9. Strengths and Trade-offs¶
Strengths¶
- Simple conceptual model: store by key, fetch by key.
- No connector-specific metadata handoff is required.
- Works naturally for remote multi-node stage transfer.
- Easy to integrate into the existing connector abstraction.
Trade-offs¶
- Full serialization and deserialization are always required.
- Large payloads are more expensive than in direct-memory transports.
- Runtime behavior depends on external Mooncake services being available.
- Cleanup semantics are weaker than request-scoped local buffer management.
10. Important Implementation Characteristics¶
10.1 Cleanup Is a No-op¶
cleanup() only logs a debug message and does not actively delete remote data. The current design assumes Mooncake-side lifecycle management rather than explicit per-request removal.
This keeps the connector implementation simple but means request-level reclamation is not modeled inside the connector itself.
10.2 Close Releases the Store Handle¶
Unlike SharedMemoryConnector, where close() is a no-op, MooncakeStoreConnector.close() performs a meaningful shutdown:
- Calls
self.store.close()to release the Mooncake store handle. - Sets
self.store = Noneto prevent further operations.
This ensures the connector releases its connection to the external Mooncake service on shutdown. Errors during close are logged but do not propagate.
10.3 Health Output Uses a Shared Schema¶
health() reports:
hostmetadata_servermaster- metrics
and also includes placeholder fields such as protocol, pool_device, and pool_size to keep a more uniform shape across connector health outputs. This reflects a system-level consistency choice rather than a store-specific design need.
10.4 Get Is Retry-Based, Not Event-Driven¶
The receiver side polls the store with a short retry loop.

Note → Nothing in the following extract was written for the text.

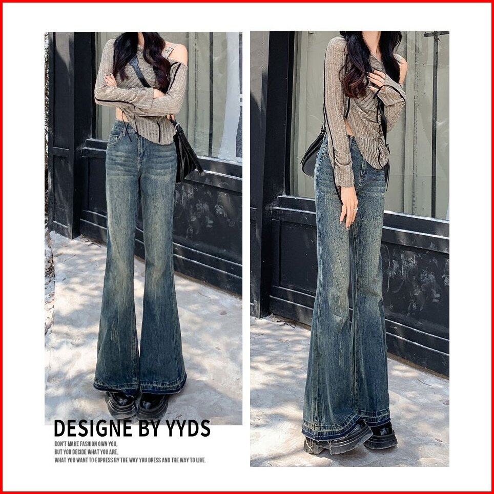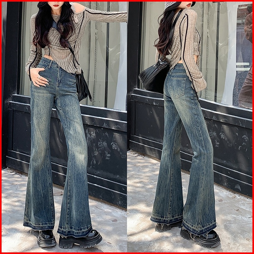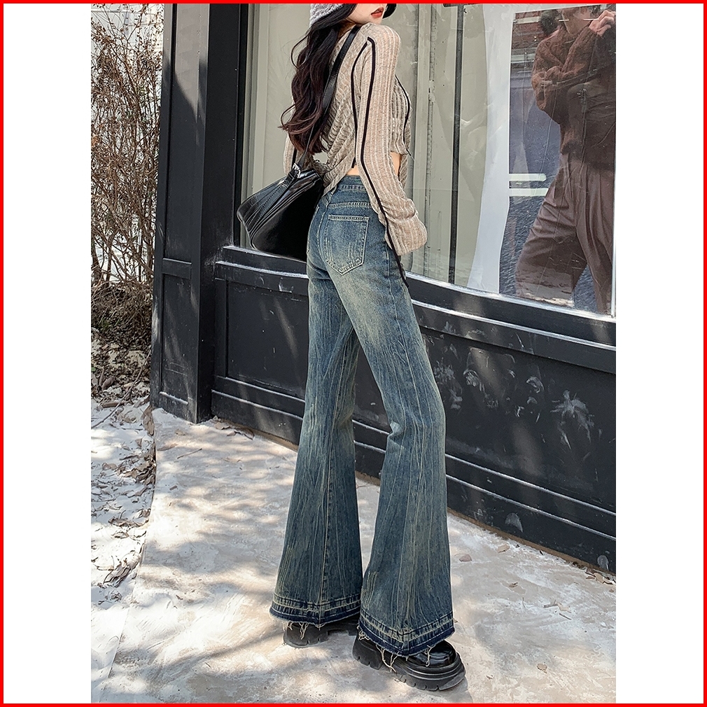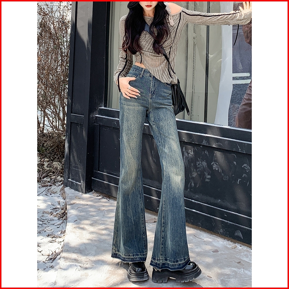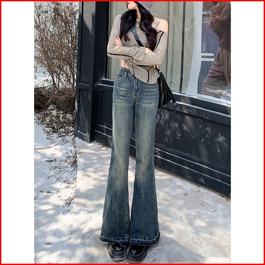 Celana Wanita Highwaist Korean Style Flare Jeans Pants Jeans Bootcut Pinggang Tinggi Retro Wanita Yang Tertekan Celana M

This is simple and robust, but it means the connector is latency-sensitive to:
- store visibility delay
- network jitter
- payload size
If the payload is not visible within the retry window, the connector reports a timeout.
11. Summary¶
MooncakeStoreConnector is the remote, store-based connector in the OmniConnector stack. Its design is straightforward:
- serialize the payload
- store it in Mooncake under a stage-qualified key
- fetch it by the same key on the receiver side
- deserialize it back into the original object
This connector fills an important gap in the system:
- It enables cross-node transfer without requiring shared memory.
- It keeps the stage communication model uniform.
- It provides a simpler operational alternative to the transfer-engine-based remote connector.
Its simplicity is also its main trade-off: it favors a clean object-transfer model over the fast-path and peer-to-peer optimizations implemented by MooncakeTransferEngineConnector.